В дискуссиях середины 60-х годов герменевтика либо раздувалась до философской альтернативы хайдеггеровской онтологии, либо упрощалась до тривиальной проблемы, вытекающей из трудностей измерения. С тех пор ситуация заметно изменилась. Главные аргументы философской герменевтики были восприняты повсеместно, но не в качестве философской доктрины, а как исследовательская парадигма внутри социальных наук <...> В 70-е годы многие тенденции внутри академического мира и вне его способствовали решительному утверждению интерпретационной парадигмы. <...> (2, с. 34-36)
Два модуса языкового употребления
Позвольте мне прежде всего объяснить, что я понимаю под герменевтикой. Всякое осмысленное выражение — будь то вербальное или невербальное высказывание, любой артефакт (например, орудие труда), какое-либо человеческое установление или отрывок текста — может быть идентифицировано в двоякой установке: и как доступное наблюдению событие, и как доступное пониманию объективированное значение. Мы можем описать, объяснить или даже предсказать, как будет звучать шум, который совпадает со звуковым выражением какой-либо произнесенной фразы, не имея понятия о том, что это выражение означает. Чтобы понять (и сформулировать его значение), нужно принять участие в определенных (действительных или воображаемых) коммуникативных действиях, в ходе которых упомянутая фраза употребляется таким образом, что оказывается понятной для говорящего, слушателей и случайно присутствующих при этом членов той же языковой общности. <...> (2, с. 38)

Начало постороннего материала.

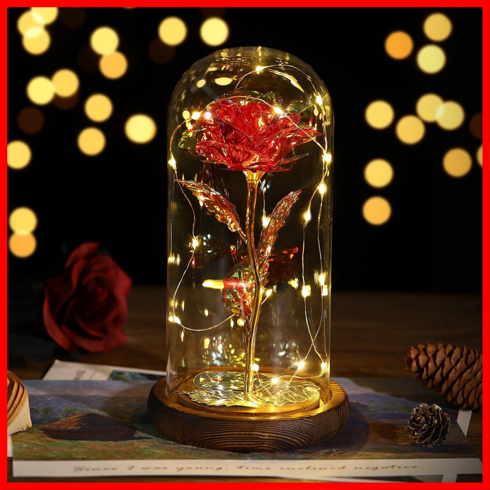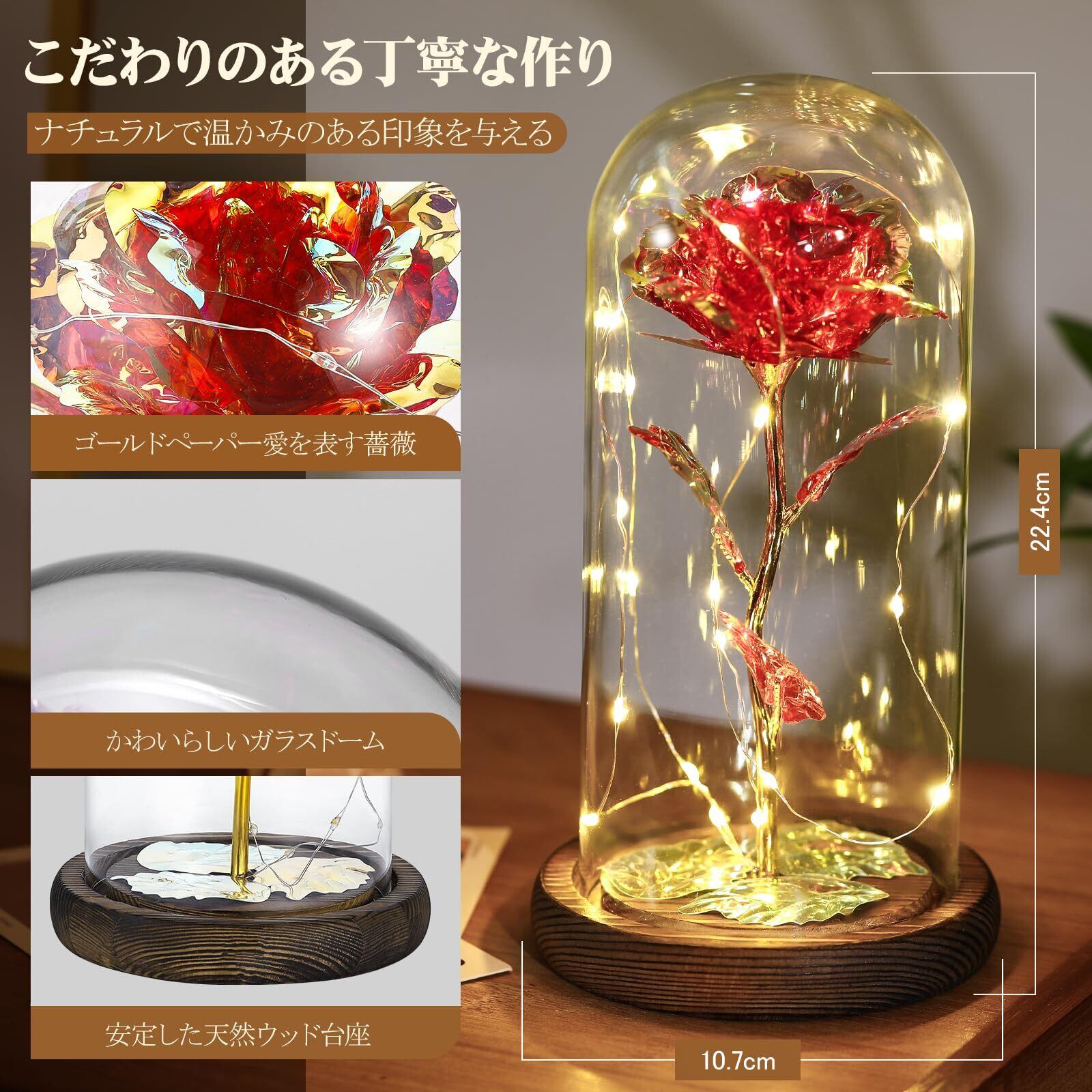 Lewondr バラ 造花 ガラスドーム 枯れない花 メッキローズ バレンタイン飾り 長持ち LEDライト付き 部屋飾り インテリア 引越しバラ/母の日/記念日/誕生日/入学/卒業/お祝い/お見舞い/お礼/彼女 クリスマス 飾り クリスマスライト ボックス付き 紅1輪
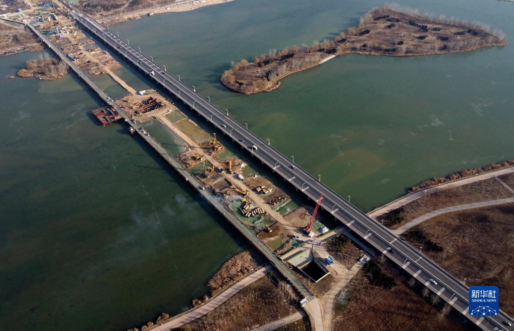 12月15日,工人在石家莊市復興大街滹沱河特大橋建設工地施工(無(wú)人機照片)。
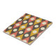This ceramic tile features mid century modern white circles placed on harlequin diamonds pattern in terracotta and mustard yellow on taupe background. It's retro geometric neutral tones to your home decor
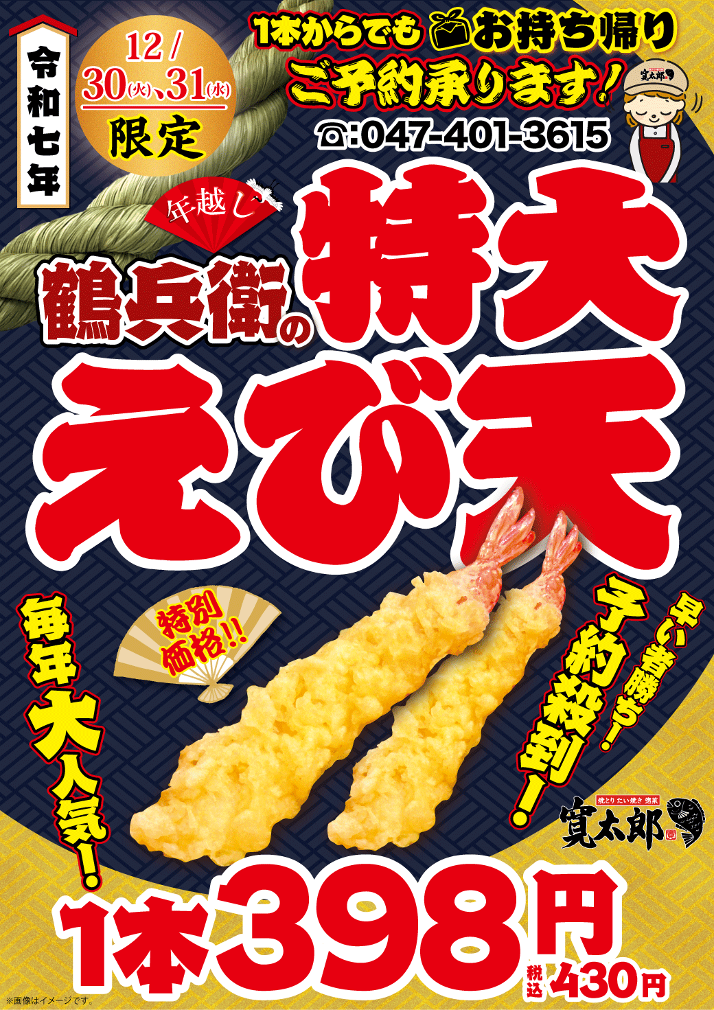 毎年大人気の、鶴兵衛の年越し『特大えび天』が寛太郎でもご購入いただけます!
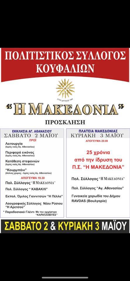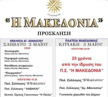 Αγαπητοί φίλοι, η σημερινή μέρα είναι πολύ σημαντική και ιδιαίτερη για το σύλλογό μας! Πολλά χρόνια τώρα στις 2 Μαΐου τιμούμε την Ανακομιδή των Λειψάνων του Αγ. Αθανασίου! Αρχίζουμε με την περιφορά της εικόνας του Αγίου και στη συνέχεια μοιράζουμε κουρμπάνι στον κόσμο και ακολουθούν και πολιτιστικές εκδηλώσεις με τη συμμετοχή χορευτικών τμημάτων!Φέτος για πρώτη φορά οι εκδηλώσεις αυτές δεν θα γίνουν γεγονός που μας θλίβει!Δίνουμε όμως υπόσχεση του χρόνου, που ο covid-19 θα αποτελεί θλιβερή ανάμνηση, να συναντηθούμε σε ένα γλέντι με πολύ κέφι και μουσική!

Мы либо говорим о том, что имеет или не имеет места, либо говорим что-нибудь кому-нибудь другому, так что последний понимает то, что говорится. Только второй способ употребления языка внутренне или понятийно связан с условиями коммуникации. Говорить о том, как обстоят вещи, не означает необходимым образом участвовать в коммуникации того
865
или иного вида, осуществляемой в реальности или по крайней мере в воображении; не нужно делать высказывание, то есть выполнять некий речевой акт. <...> Для того же, чтобы понимать, что говорится, требуется участие в коммуникативном действии. Должна сложиться некая языковая ситуация (или по крайней мере ее следует себе представить), в которой говорящий, находясь в коммуникации со слушателем, говорит о чем-то и выражает то, что он сам об этом думает. В случае чисто когнитивного, некоммуникативного языкового употребления подразумевается, таким образом, лишь одно фундаментальное отношение; назовем его отношением между предложениями и чем-либо, имеющим место в мире, «о» чем в этих предложениях говорится. Если же язык употребляется с целью достижения взаимопонимания с другим человеком (пусть даже для того, чтобы в итоге констатировать несогласие), тогда таких отношений будет три: выражая свое мнение, говорящий налаживает коммуникацию с другим членом той же языковой общности и говорит ему о чем-то, имеющем место в мире. Эпистемология занимается только этим последним отношением между языком и реальностью, в то время как герменевтика сразу должна иметь дело с трояким отношением высказывания, которое служит, во-первых, выражением намерений говорящего, во-вторых, выражением межличностного отношения, устанавливаемого между говорящим и слушателем, и в-третьих, выражением, в котором говорится о чем-то, имеющем место в мире. И кроме того, при каждой попытке прояснить значение того или иного языкового выражения мы
сталкиваемся с четвертым, внутриязыковым или лингвистическим отношением, а именно с отношением между данным высказыванием и совокупностью всех возможных высказываний, которые могут быть сформулированы в том же самом языке.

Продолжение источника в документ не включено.